Planning a life together is an ideal time to address any existing loans or liabilities. Common debts include (but are not limited to) personal loans, HECS/student debts, car loans and unpaid credit cards. After declaring your financial baggage, you could create a plan to pay off the debt or change the status quo. Should you pay off the smallest debt first, the debt accruing the highest interest or consolidate the debt?

Review assets

It is equally important to discuss how you may share your current assets. Your assets may include:

  • Cash or cryptocurrency
  • Property
  • Car
  • Shares
  • Investments
  • Trusts
  • Superannuation

Westpac has a Proof of Balance statement which could make it easy to share the balances in each of your accounts. This is available to download from Westpac Live Online Banking or is available from your local Westpac branch. You could choose to share the Proof of Balance statement or your account statement when creating your asset snapshot.

Plan

Knowing how you currently spend your money and how you plan to spend your joint income is an important step to ensuring that you are on the same financial page.

Set goals

Beyond working on your monthly/quarterly expenses, ensuring that you both have the same future financial aspirations is important.

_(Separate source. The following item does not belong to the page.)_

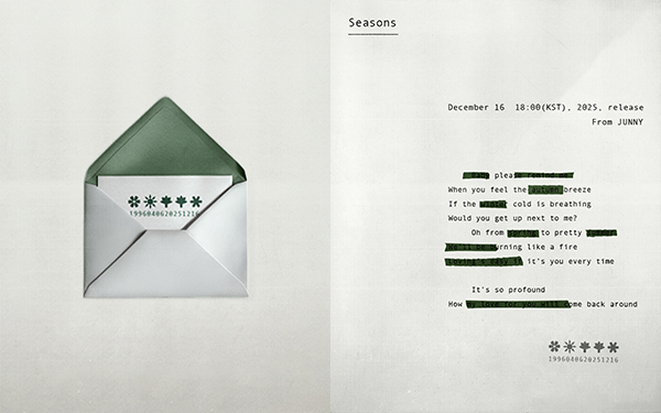 SEASONS」は、JUNNYが去る8月に発売した正規2集「null(ヌル)」以来、4ヶ月ぶりに披露する新曲であり、今年一年を締めくくるシングルだ。ジュニは去る14日、公式SNSを通じて、便箋と手紙の封筒を連想させるティーザー画像をサプライズ公開した。
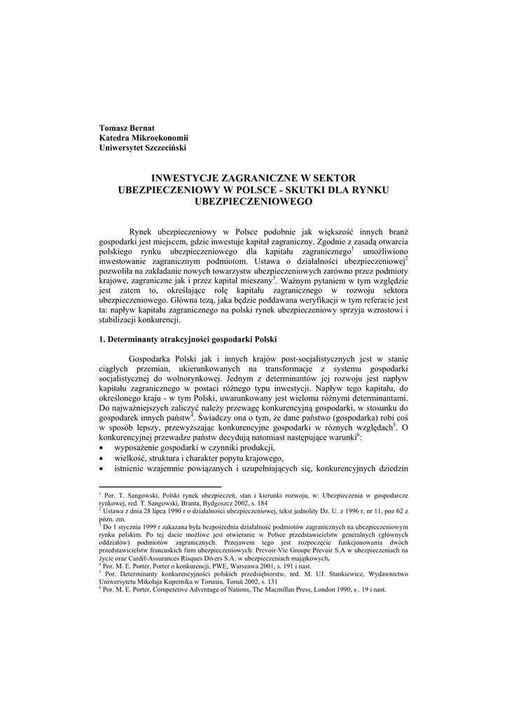 Tomasz Bernat Katedra Mikroekonomii Uniwersytet Szczeciński INWESTYCJE ZAGRANICZNE W SEKTOR UBEZPIECZENIOWY W POLSCE - SKUTKI DLA RYNKU UBEZPIECZENIOWEGO Rynek ubezpieczeniowy w Polsce podobnie jak większość innych branż gospodarki jest miejscem, gdzie inwestuje kapitał zagraniczny. Zgodnie z zasadą otwarcia polskiego rynku ubezpieczeniowego dla kapitału zagranicznego1 umożliwiono inwestowanie zagranicznym podmiotom. Ustawa o działalności ubezpieczeniowej2 pozwoliła na zakładanie nowych towarzystw ubezpieczeniowych zarówno przez podmioty krajowe, zagraniczne jak i przez kapitał mieszany3. Ważnym pytaniem w tym względzie jest zatem to, określające rolę kapitału zagranicznego w rozwoju sektora ubezpieczeniowego. Główna tezą, jaka będzie poddawana weryfikacji w tym referacie jest ta: napływ kapitału zagranicznego na polski rynek ubezpieczeniowy sprzyja wzrostowi i stabilizacji konkurencji. 1. Determinanty atrakcyjności gospodarki Polski Gospodarka Polski jak i innych krajów post-socjalistycznych jest w stanie ciągłych przemian, ukierunkowanych na transformacje z systemu gospodarki socjalistycznej do wolnorynkowej. Jednym z determinantów jej rozwoju jest napływ kapitału zagranicznego w postaci różnego typu inwestycji. Napływ tego kapitału, do określonego kraju - w tym Polski, uwarunkowany jest wieloma różnymi determinantami. Do najważniejszych zaliczyć należy przewagę konkurencyjną gospodarki, w stosunku do gospodarek innych państw4. Świadczy ona o tym, że dane państwo (gospodarka) robi coś w sposób lepszy, przewyższając konkurencyjne gospodarki w róznych względach5. O konkurencyjnej przewadze państw decydują natomiast następujące warunki6: • wyposażenie gospodarki w czynniki produkcji, • wielkość, struktura i charakter popytu krajowego, • istnienie wzajemnie powiązanych i uzupełniających się, konkurencyjnych dziedzin 1 Por. T. Sangowski, Polski rynek ubezpieczeń, stan i kierunki rozwoju, w: Ubezpieczenia w gospodarcze rynkowej, red. T. Sangowski, Branta, Bydgoszcz 2002, s. 184 2 Ustawa z dnia 28 lipca 1990 r o działalności ubezpieczeniowej, tekst jednolity Dz. U. z 1996 r, nr 11, poz 62 z późn. zm. 3 Do 1 stycznia 1999 r zakazana była bezpośrednia działalność podmiotów zagranicznych na ubezpieczeniowym rynku polskim. Po tej dacie możliwe jest otwieranie w Polsce przedstawicielstw generalnych (głównych oddziałów) podmiotów zagranicznych. Przejawem tego jest rozpoczęcie funkcjonowania dwóch przedstawicielstw francuskich firm ubezpieczeniowych: Prevoir-Vie Groupe Prevoir S.A w ubezpieczeniach na życie oraz Cardif-Assurances Risques Divers S.A. w ubezpieczeniach majątkowych. 4 Por. M. E. Porter, Porter o konkurencji, PWE, Warszawa 2001, s. 191 i nast. 5 Por. Determinanty konkurencyjności polskich przedsiębiorstw, red. M. UJ. Stankiewicz, Wydawnictwo Uniwersytetu Mikołaja Kopernika w Toruniu, Toruń 2002, s. 131 6 Por. M. E. Porter, Competetive Adventage of Nations, The Macmillan Press, London 1990, s . 19 i nast. 166 Państwo i rynek w gospodarce wytwórczości, strategie realizowane przez firmy krajowe oraz charakter rywalizacji na rynku krajowym. Bazując na powyższych założeniach konkurencyjności gospodarki polskiej, przytoczyć należy wyniki badań dotyczących motywacji inwestorów zagranicznych oraz barier inwestowania w krajach europy Środkowo-wschodniej7. W odniesieniu do Polski inwestorzy zagraniczni wyróżnili 5 najważniejszych motywów inwestycyjnych. Są to: 1. koszty czynnika pracy (relatywnie niższe niż w krajach Unii), 2. duży chłonny rynek (Polska to przecież prawie 40 milionów osób), 3. łatwość zdobycia lub powiększenia udziałów na rynkach lokalnych, 4. dostępność do wykwalifikowanej siły roboczej, przy stosunkowo niskich kosztach pracy (dodać należałoby tutaj stale i szybko rosnąca liczbę osób z wyższym wykształceniem), 5. położenie geograficzne (centrum Europy i jednocześnie bliskość do olbrzymiego, choć na razie biednego rynku rosyjskiego). Jak widać z powyższego porównanie Polska stanowi kraj mogący posiadać przewagę konkurencyjna w zdobywaniu dużych inwestycji zagranicznych8. Analiza głównych uwarunkowań funkcjonowania zagranicznych inwestycji bezpośrednich w Polsce prowadzi do wniosku, iż dla większego zaangażowania się kapitałów zagranicznych w Polsce konieczne są działania zwiększające konkurencyjność gospodarki na poziomie przedsiębiorstw, branż, regionów oraz ich makrootoczenia9. Obok wymienionych wyżej argumentów przemawiających za inwestowaniem w Polsce, do dodatkowych atutów naszego kraju i gospodarki zaliczyć należy: wyniki ekonomiczne gospodarki (względnie wysoki w ostatnich latach wzrost gospodarczy, malejącą inflację, wzmacniającą się złotówkę), konsekwentna politykę reform politykę otwarcia gospodarczego i liberalizację handlu oraz starania o wejście do Unii Europejskiej (niemalże sfinalizowane). Na potwierdzenie powyższych informacji, tabela 1 prezentuje najważniejsze dane dotyczące polski w ostatnich latach. • Tabela 1 Polska, wybrane dane gospodarcze Wskaźnik 1995 1996 1997 1998 1999 2000 2001 2002 PKB (% zmiana) 6.9 5.9 6.8 4.8 4.1 4.0 1.0 1.0 PKB w mld USD 126.6 142.8 143.1 157.5 154.1 158.8 176.4 187.8 PKB- per capita w USD 3,280.81 3,697.76 3,702.46 4,073.35 3,986.65 4,108.24 4,559 4,881 Średnia inflacja 25.4 12.4 12.2 7.3 5.7 7.8 1.6 1,4* Stopa bezrobocia (w %) 14.9 13.2 10.3 10.4 13.1 15.1 17.4 18.6* Saldo handlu -6.2 -12.7 -16.6 -18.8 -18.5 -17.3 -14.2 - 7,9* zagranicznego w mld USD Zagraniczne inwestycje 2.5 5.2 5.7 9.6 7.9 10.6 7.1 3,27** bezpośrednie w mld USD 7 Por. J. Witkowska, Motywacje inwestorów zagranicznych - aspekty porównawcze, w: Bezpośrednie inwestycje zagraniczne w Polsce, PWE, Warszawa 1998, s. 78-84 8 W wymienionych badaniach wykazano także istotne bariery inwestycyjne. Zaliczono do nich przede wszystkim dwie: trudności w znalezieniu lokaln

Questions you might like to discuss could include:

  • What are your financial goals for the next 5 years?
  • What are your partner’s financial goals for the next 5 years?
  • What are your combined priority goals for the next 5 years?
  • How will you achieve these goals?
  • How much will each goal cost?
  • What time do you need to save that amount in?
  • What amount are you going to put aside to save on a weekly/monthly basis to achieve this? (amount needed divided by the time in weeks/months equals your saving amount)
  • Is this achievable?

Talk about emergency and discretionary funds

Depending on your joint budget, discuss and agree upon how much money will be put aside into a separate fund for emergencies, medical expenses, unforeseen expenses or future study.

Why financial agreements are a good idea

Financial agreements, previously referred to as pre-nuptial agreements, are becoming widely accepted in marriage.

A financial agreement will outline the distribution of assets, liabilities and how (and whether) any maintenance is required. The agreement will need to be lodged at Court and must be done with the advice of independent lawyers.

Financial agreements are common when one person in the relationship has more assets than the other, or when both people come into the relationship with assets which they choose to retain as their own throughout the union. An agreement could be written up either before the commencement of the relationship, during the relationship, or both.

Financial agreements should ideally be regularly reviewed and updated as circumstances change, such as life events, children and assets. You should consider seeking appropriate legal and accounting advice about whether a financial agreement is right for you and your circumstances.